One time Pharrell sent us a long letter saying he wanted to borrow our clothes for an NBA event. He ended up wearing it, but later I received a call in which he politely asked, “Could you give this to me as a gift?” I got the feeling that he was a very honest and gentle person. I ended up giving it to him and that became the trigger to our relationship — also, that’s how I also got to know Offset. Later on, Pharrell personally invited me to his home, and our relationship grew into a partnership, which led us to open a pop-up collection in Euljiro in 2018.

Is there an upcoming project underway?

I am currently making Gopchang Pants for Travis Scott to wear at Coachella. I don’t intend on selling it to him, but rather I will be making two pairs; one for myself and one as a gift to him. No special intentions, just for the sake of my own memory. Oh, and I am also planning on a ninth-anniversary collaboration with Nike. Nothing is official yet.

“I don’t want 99%IS- to be a brand with a distinct identity.”

Select shops have also played a role in 99%IS- becoming the brand it is today.

We have a strong history with 10 Corso Como. Thanks to this shop, we were able to host two pop-up exhibitions and a guerrilla performance. Boon The Shop has also been a good partner for every collection. H. Lorenzo is special among others — the project on damaging leather with bombs as well as the recent strip club capsule were all possible due to H. Lorenzo’s sponsorship. He is like a mentor, the go-to person to ask for a review of my clothes. His words, “You’re the only one who can do this,” are still the driving force behind my creativity.

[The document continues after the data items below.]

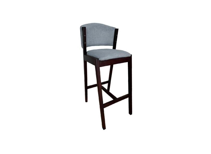 Banquetas Alta De Madeira Maciça Castanho Premium Ana Com Encosto Linho Cinza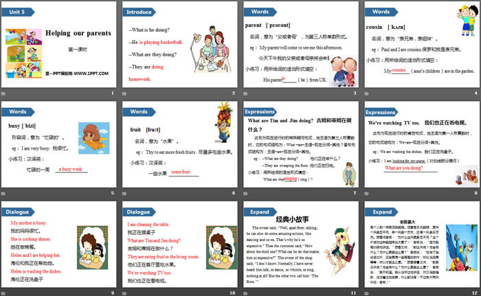 关键词:牛津译林版五年级下册英语PPT课件免费下载,Helping our parentsPPT下载,.PPT格式;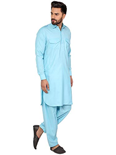• BEAUTIFUL HANDLOOM PATHANI KURTA PAJAMA SET : This is 2-pieces set that includes long button down shirt or kurta and a drawstring pajama. Traditional design on this kurta captures all of the details of the classic Indian men's garment with long sleeves, a long hemline with side vents and a mandarin collar.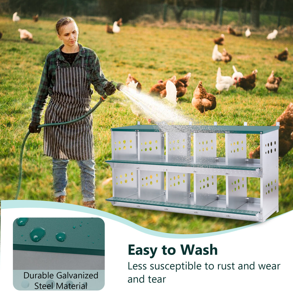 10-Bay Metal Nest Box-Wall Mount for Hens/Ducks, Easy Egg Collection & Assembly, Vented Galvanized Steel Coop Equipment Grenn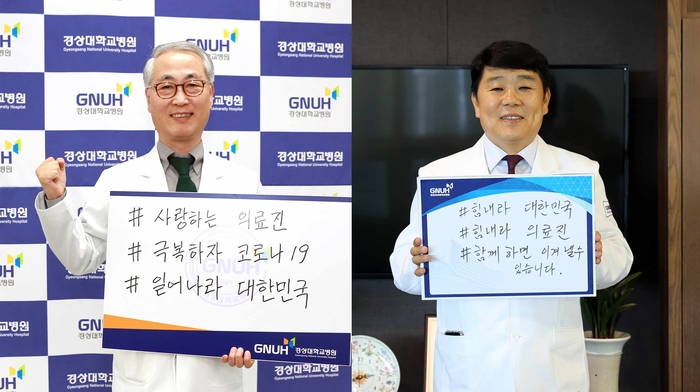 [진주=쿠키뉴스] 강연만 기자 = 윤철호 경상대병원 병원장과 이영준 창원경상대병원 병원장이 코로나19 극복을 위한 '희망캠페인 릴레이'에 동참했다.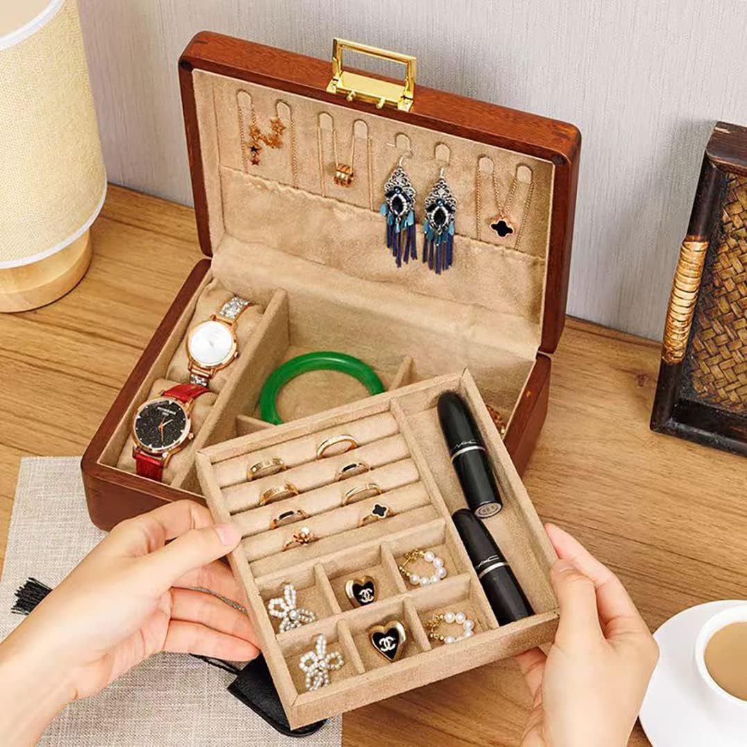 Processing and Customizing Exquisite Jewelry Boxes Solid Wood Jewelry Storage Boxes Velvet Lined Retro Wooden Jewelry Storage Boxes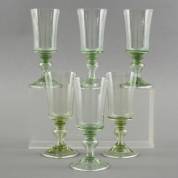 Zes lichtgroene wijnglazen met kabelrandje onderaan de kelk en baluster in de stam, naar antiek voorbeeld, 15,5 × Ø 7 cm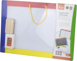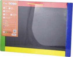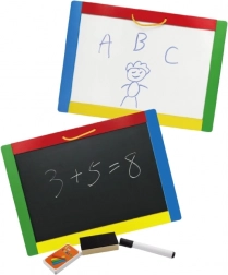 Ta univerzalna tabla združuje dve ustvarjalni površini v eni – črno magnetno stran za krede in belo suhobrisno stran za marker. Otroci lahko pišejo, rišejo in vadijo črke ter številke; na črni strani lahko poleg tega zlahka pritrdijo magnetke. V paketu je vse za takojšnjo uporabo: 4 krede, suhobrisni marker in gobica.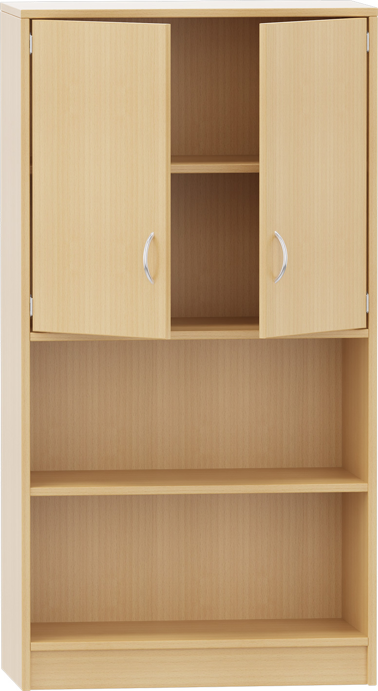 1 Schrank, (Oben 2 Türen, dahinter 1 verstellbarer Fachboden, unten offen mit einem verstellbaren Fachboden)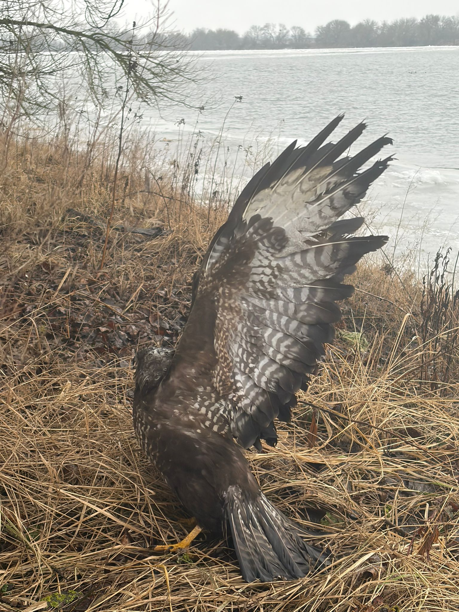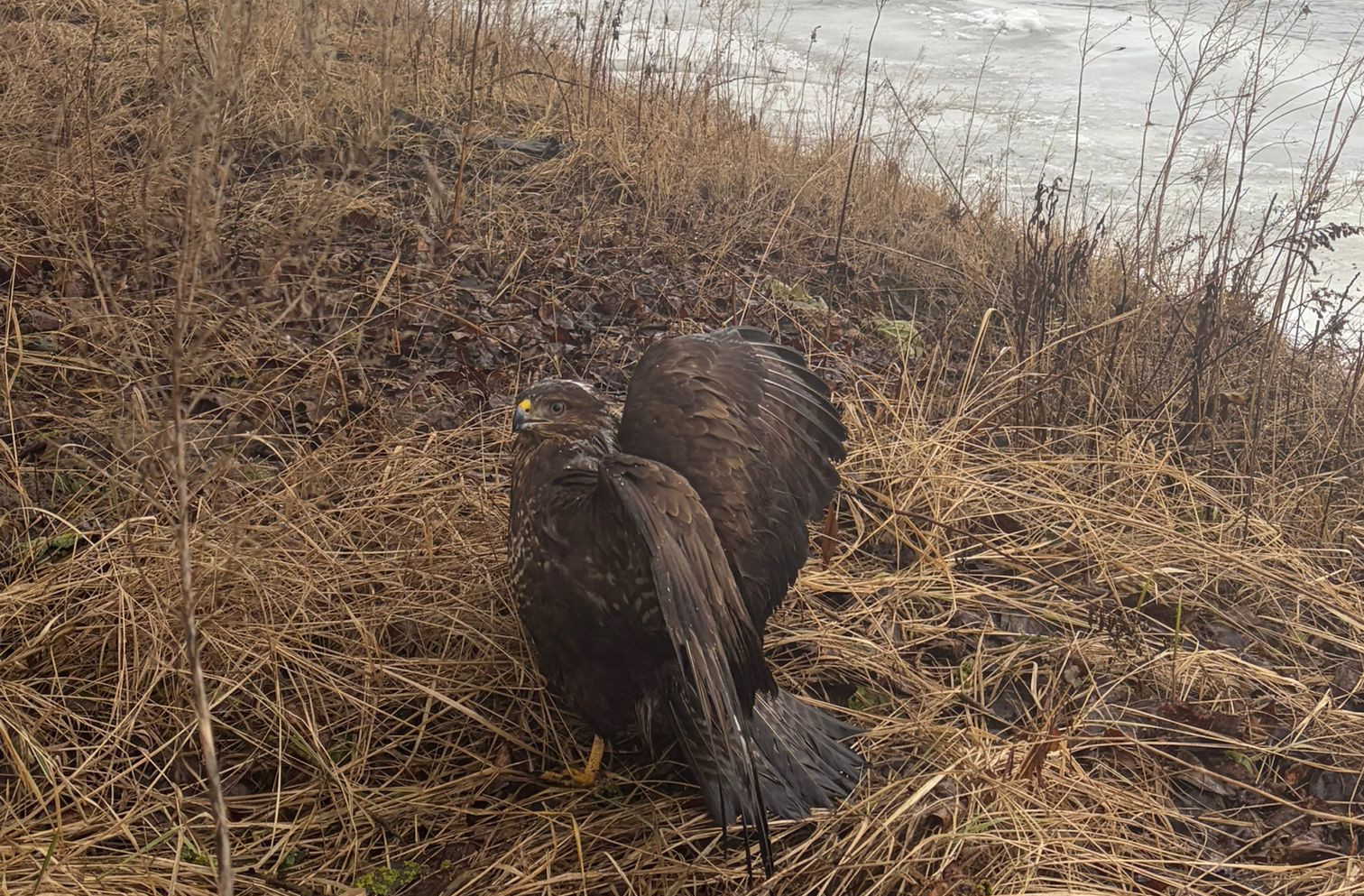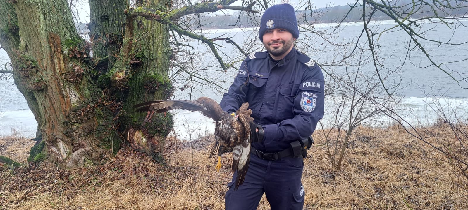 Osłabionego ptaka zauważyli patrolując nadwiślańskie tereny. Nie był w stanie wzbić się w powietrze i bez ich pomocy nie miałby szans na przetrwanie.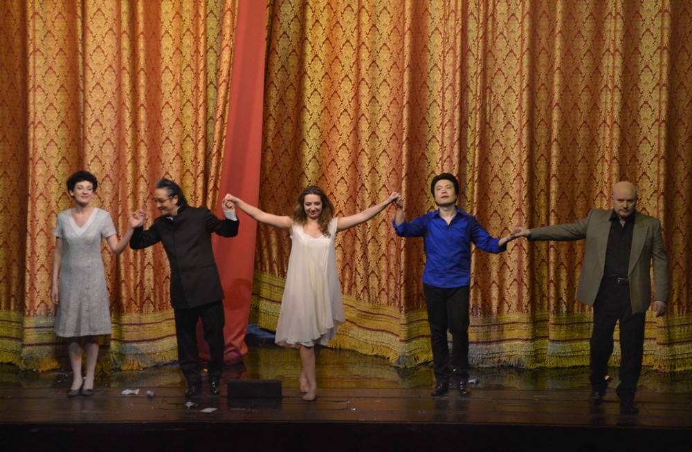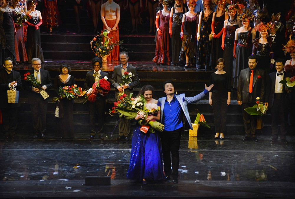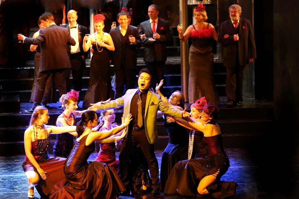===Hudební stránka díla byla svěřena libanonskému dirigentovi Bassemovi Aikikimu. Tento mladý umělec pokračoval po hudebním vzdělávání ve své vlasti studiem dirigování v Polsku a je již několik let členem operního souboru právě ve Wroclawi. Traviatu zde řídil již před několika lety. Jeho velikým vkladem je příkladné porozumění se zpívajícími sólisty. Umí neuvěřitelně ztišit orchestr, což bylo markantní při krásných pianissimech představitelky titulní role Anny Lichorowicz. Tato významná mladá wroclawská sólistka bezproblémově zvládala bravurní koloratury svého náročného partu. Jejím partnerem v roli Alfréda Germonta byl jihokorejský tenor Sang-Jun-Lee, vládnoucí znělým hlasem s bezpečnými výškami. Ona příznačná slza italského belcanta u jeho spíše hrdinného hlasového materiálu však poněkud chyběla. Velkým překvapením byl představitel Alfrédova otce, rovněž jihokorejský barytonista Matteo Suk. Jemu je italská kantiléna velmi blízká a lehké a průrazné vysoké tóny obecenstvo doslova ohromovaly. Scéna s Violettou byla pěvecky herecky excelentní. Rovněž po nádherné árii Di Provenza il mar byl odměněn frenetickým nadšením publika. To ostatně reagovalo velmi živě během celého představení a často se ozývalo po známých áriích nadšené volání Brava. Z řady menších rolí je třeba zejména jmenovat šarmantní Katarzynu Haras jako Floru nebo Jacka Jaskulu v roli Barona Douphola. Početný, přesně zpívající a dobře rozehraný sbor vedla Anna Grabowska-Borys. Po představení se konalo ve velkém foyeru příjemné setkání s tvůrci a sólisty inscenace, které představila ředitelka divadla, dirigentka Ewa Michnik.+++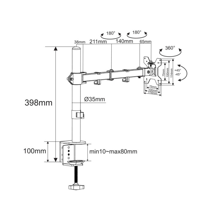 Данная модель предполагает плечо крепления с опцией регулировки длины до 454 мм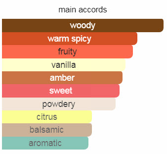 رایحه‌های اولیه آن هلو، پرتقال خونی، هل و گل آفتاب‌پرست؛ رایحه‌های میانی آن داوانا ، یاس و (Rum) و (Cognac)؛ و رایحه‌های پایه آن وانیل، برگ نعناع هندی اندونزیایی، دانه تونکا، چوب صندل، بنزوئین، کشمیر، استیراکس، لابدانوم و خس خس است.
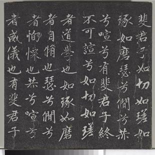 译文: 垂裕阁法帖。元赵孟𫖯书。(隶书)。大学。大学之道。在明明德。在新民。在止于至善。知止而后有定。定而后能静。静而后能安。安而后能虑。虑而后能得。物有本末。事有终始。知所先后。则近道矣。古之欲明明德于天下者。先治其国。欲治其国者。先齐其家。欲齐其家者。先修其身。欲修其身者。先正其心。欲正其心者。先诚其意。欲诚其意者。先致其知。致知在格物。物格而后知至。知至而后意诚。意诚而后心正。心正而后身修。身修而后家齐。家齐而后国治。国治而后天下平。自天子以至于庶人。壹是皆以修身为本。其本乱而末治者否矣。其所厚者薄。而其所薄者厚。未之有也。康诰曰。克明德。太甲曰。顾諟天之明命。帝典曰。克明峻德。皆自明也。汤之盘铭曰。苟日新。日日新。又日新。康诰曰。作新民。诗曰。周虽旧邦。其命惟新。是故君子无所不用其极。诗云。邦畿千里。惟民所止。诗云。缗蛮黄鸟。止于丘隅。子曰。于止。知其所止。可以人而不如鸟乎。诗云。穆穆文王。于缉熙敬止。为人君止于仁。为人臣止于敬。为人子止于孝。为人父止于慈。与国人交止于信。诗云。瞻彼淇澳。菉竹猗猗。有斐君子。如切如瑳。如琢如磨。瑟兮僩兮。赫兮喧兮。有斐君子。终不可諠兮。如切如瑳者。道学也。如琢如磨者。自修也。瑟兮僩兮者。恂栗也。赫兮喧兮者。威仪也。有斐君子。终不可諠兮者。道盛德至善。民之不能忘也。诗云。於戏前王不忘。君子贤其贤。而亲其亲。小人乐其乐而利其利。此以没世不忘也。子曰。听讼吾犹人也。必也使无讼乎。无情者不得尽其辞。大畏民志。此谓知本。此谓知本。此谓知之至也。所谓诚其意者。毋自欺也。如恶恶臭。如好好色。此之谓自谦。故君子必慎其独也。小人闲居为不善。无所不至。见君子而后厌然。揜其不善而著其善。人之视己。如见其肺肝然。则何益矣。此谓诚于中。形于外。故君子必慎其独也。曾子曰。十目所视。十手所指。其严乎。富润屋。德润身。心广体胖。故君子必诚其意。所谓修身在正其心者。身有所忿懥。则不得其正。有所恐惧。则不得其正。有所好乐。则不得其正。有所忧患。则不得其正。心不在焉。视而不见。听而不闻。食而不知其味。此谓修身在正其心。所谓齐其家在修其身者。人之其所亲爱而辟焉。之其所贱恶而辟焉。之其所畏敬而辟焉。之其所哀矜而辟焉。之其所敖惰而辟焉。故好而知其恶。恶而知其美者。天下鲜矣。故谚有之曰。人莫知其子之恶。莫知其苗之硕。此谓身不修。不可以齐其家。所谓治国必先齐其家者。其家不可教。而能教人者无之。故君子不出家而成教于国。孝者所以事君也。弟者所以事长也。慈者所以使众也。康诰曰。如保赤子。心诚求之。虽不中不远矣。未有学养子而后嫁者也。一家仁。一国兴仁。一家让。一国兴让。一人贪戾。一国作乱。其机如此。此谓一言偾事。一人定国。尧舜帅天下以仁。而民从之。桀纣帅天下以暴。而人从之。其所令反其所好。而民不从。是故君子有诸己。而后求诸人。无诸己。而后非诸人。所藏乎身不恕。而能喻诸人者。未之有也。故治国在齐其家。诗云。桃之夭夭。其叶蓁蓁。之子于归。宜其家人。宜其家人。而后可以教国人。诗云。宜兄宜弟。宜兄宜弟。而后可以教国人。诗云。其仪不忒。正是四国。其为父子兄弟足法。而后民法之也。此谓治国在齐其家。所谓平天下在治其国者。上老老而民兴孝。上长长而民兴弟。上恤孤而民不倍。是以君子有絜矩之道也。所恶于上。毋以使下。所恶于下。毋以事上。所恶于前。毋以先后。所恶于后。毋以从前。所恶于左。毋以交于右。所恶于右。毋以交于左。此之谓絜矩之道。诗云。乐只君子。民之父母。民之所好好之。民之所恶恶之。此之谓民之父母。诗云。节彼南山。维石岩岩。赫赫师尹。民具尔瞻。有国者不可以不慎。辟则为天下僇矣。诗云。殷之未丧师。克配上帝。仪监于殷。峻命不易。道得众则得国。失众则失国。是故君子先慎乎德。有德此有人。有人此有土。有土此有财。有财此有用。德者本也。财者末也。外本内末。争民施夺。是故财聚则民散。财散则民聚。是故言悖而出者。亦悖而入。货悖而入者。亦悖而出。康诰曰。惟命不于常。道善则得之。不善则失之矣。楚书曰。楚国无以为宝。惟善以为宝。舅犯曰。亡人无以为宝。仁亲以为宝。秦誓曰。若有一介臣。断断兮无他技。其心休休焉。其如有容焉。人之有技。若己有之。人之彦圣。其心好之。不啻若自其出口。寔能容之。以能保我子孙黎民。尚亦有利哉。人之有技。媢疾以恶之。人之彦圣而违之。俾不通。寔不能容。以不能保我子孙黎民。亦曰殆哉。唯仁人放流之。迸诸四夷。不与同中国。此谓唯仁人为能爱人。能恶人。见贤而不能举。举而不能先。命也。见不善而不能退。退而不能远。过也。好人之所恶。恶人之所好。是谓拂人之性。菑必逮夫身。是故君子有大道。必忠信以得之。骄泰以失之。生财有大道。生之者众。食之者寡。为之者疾。用之者舒。则财恒足矣。仁者以财发身。不仁者以身发财。未有上好仁。而下不好义者也。未有好义。其事不终者也。未有府库财。非其财者也。孟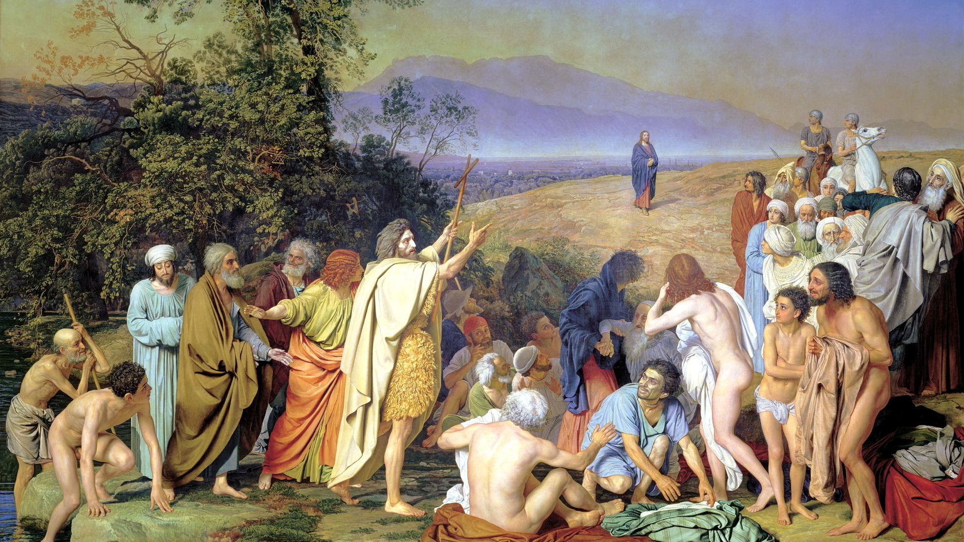 Description: A painting of a group of people in a field with trees and hills in the background.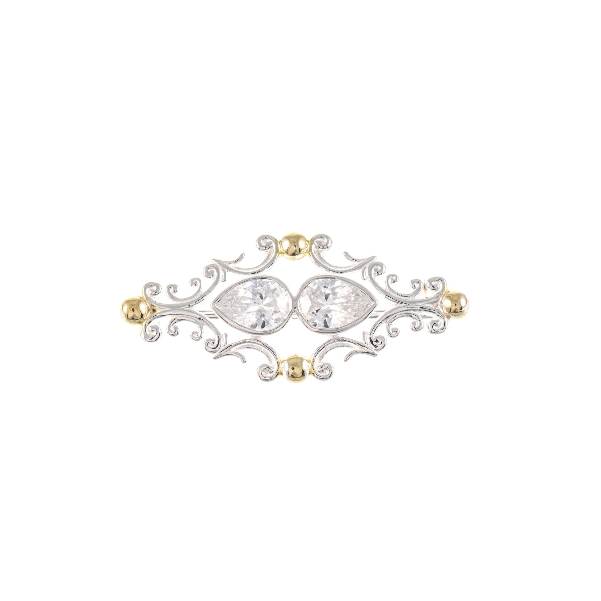 Brosche 925 Silber teilvergoldet Zirkonia weiss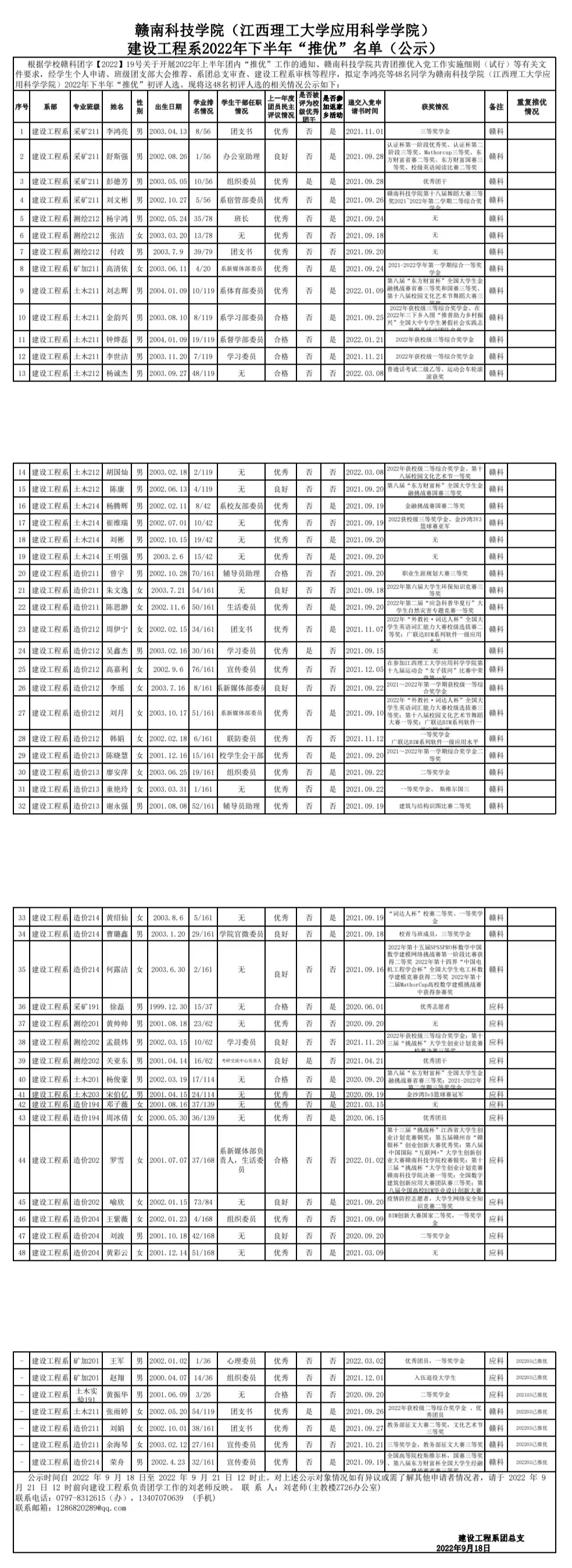 公示时间自2022年9月18日至2022年9月21日12时止。对上述公示对象情况如有异议或需了解其他申请者情况者,请于2022年9月21日12时前向建设工程系负责团学工作的刘老师反映。

What kind of city is Seoul to Bajowoo?

It used to be a place full of hate and discontent. I could only see things that I couldn’t do. So I used to make items, which included words like “SEX, SHIT, SEOUL, SIBAL.” Now it’s more like a love-hate relationship. I’m just here in Seoul, so I’m happy and doing what I can.

Where is the next destination of 99%IS-?

I don’t want to make a brand with a distinct identity. I just want to put 99%IS- in the most difficult, most enjoyable, and the furthest of places. I want to make a design methodology that doesn’t exist in our world. What’s important is that I want to direct myself horizontally, not higher or lower.